Where a picture shows up in the listing below, omit it and output the rest exactly.

*Given information*
↓↓↓

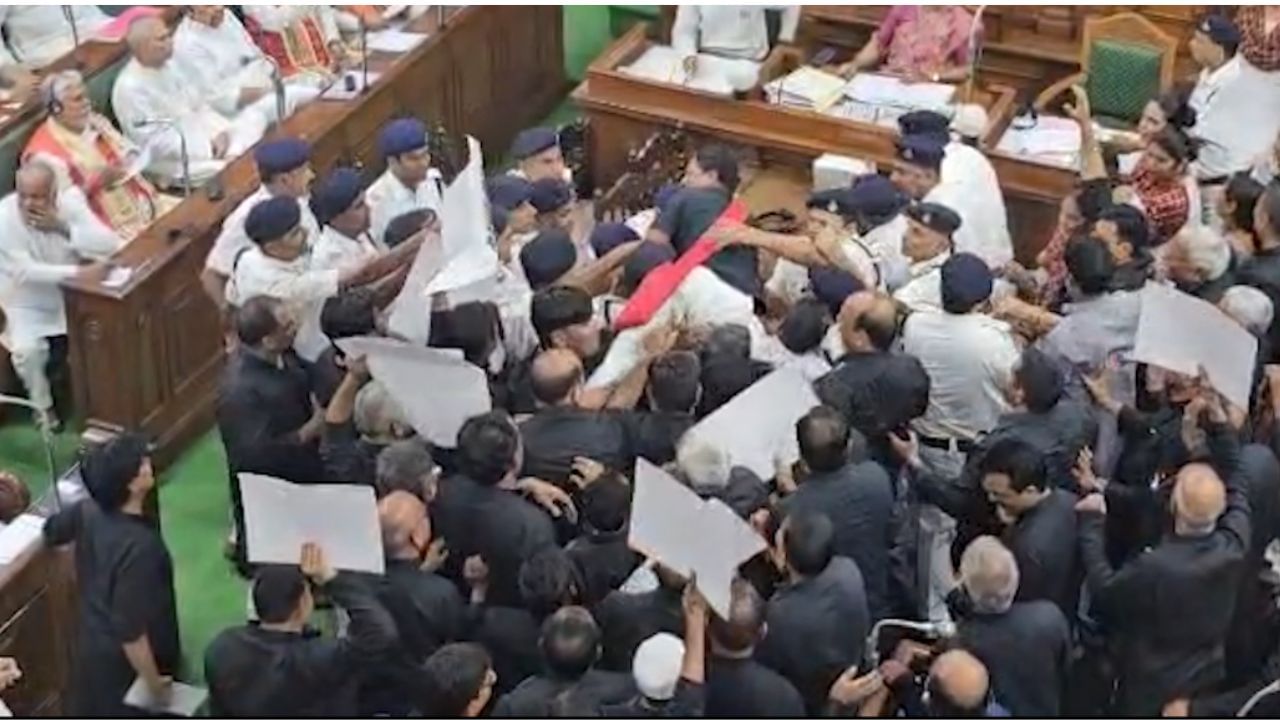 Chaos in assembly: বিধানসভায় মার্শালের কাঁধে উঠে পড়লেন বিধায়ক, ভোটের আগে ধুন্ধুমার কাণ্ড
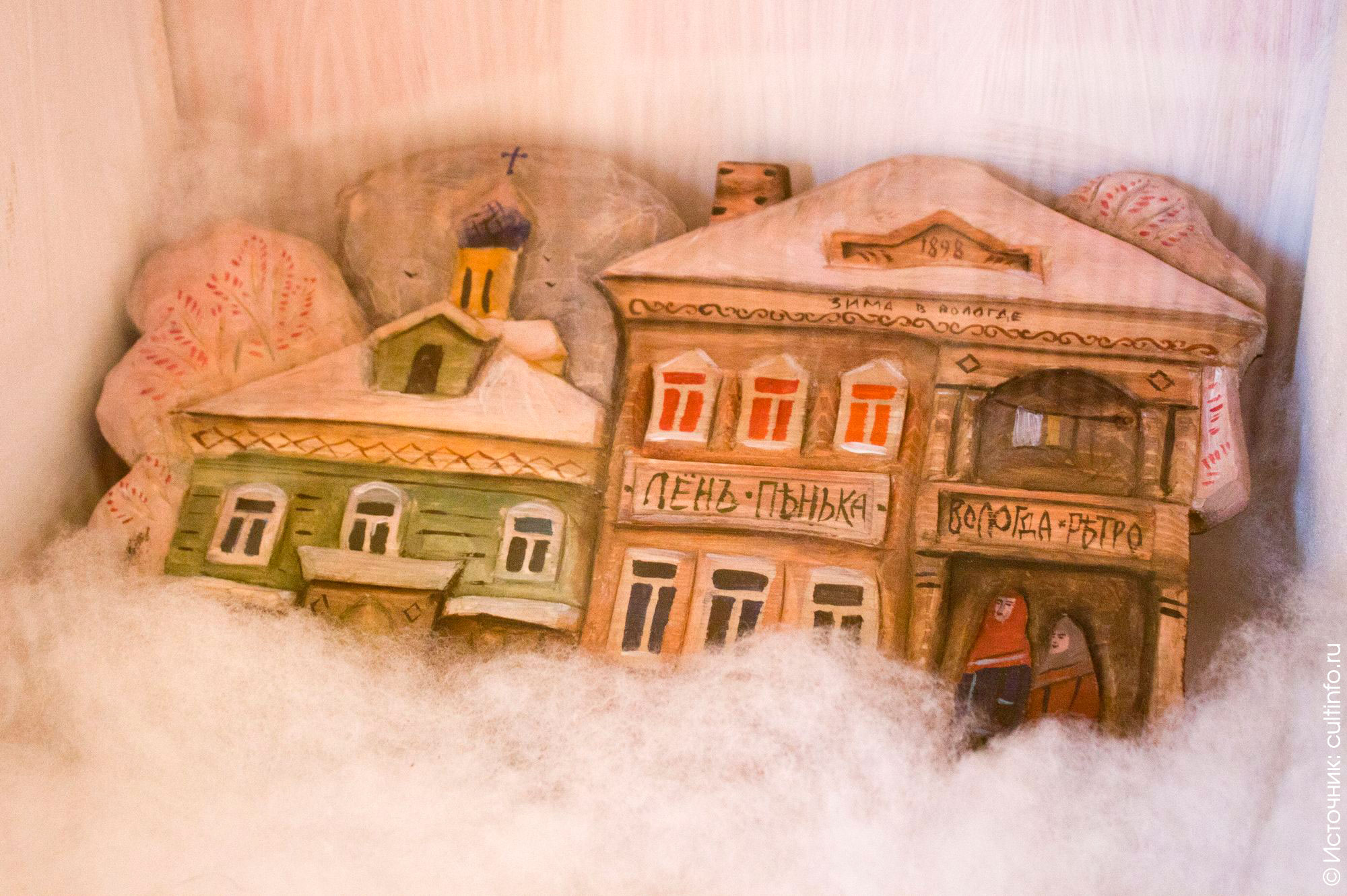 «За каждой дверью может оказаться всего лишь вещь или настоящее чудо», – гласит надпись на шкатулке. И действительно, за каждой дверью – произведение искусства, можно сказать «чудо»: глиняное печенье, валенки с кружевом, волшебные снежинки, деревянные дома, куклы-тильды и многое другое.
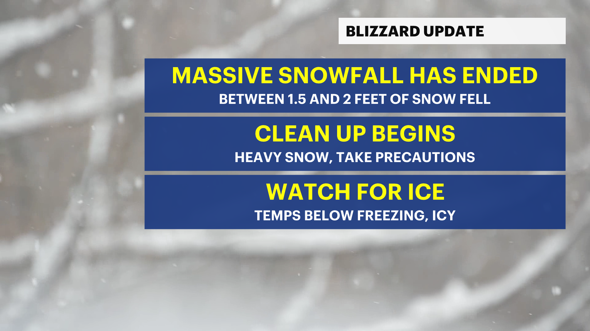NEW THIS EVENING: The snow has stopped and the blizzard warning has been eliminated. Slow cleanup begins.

↑↑↑

*Answer section*
 Chaos in assembly: বিধানসভায় মার্শালের কাঁধে উঠে পড়লেন বিধায়ক, ভোটের আগে ধুন্ধুমার কাণ্ড
 «За каждой дверью может оказаться всего лишь вещь или настоящее чудо», – гласит надпись на шкатулке. И действительно, за каждой дверью – произведение искусства, можно сказать «чудо»: глиняное печенье, валенки с кружевом, волшебные снежинки, деревянные дома, куклы-тильды и многое другое.
NEW THIS EVENING: The snow has stopped and the blizzard warning has been eliminated. Slow cleanup begins.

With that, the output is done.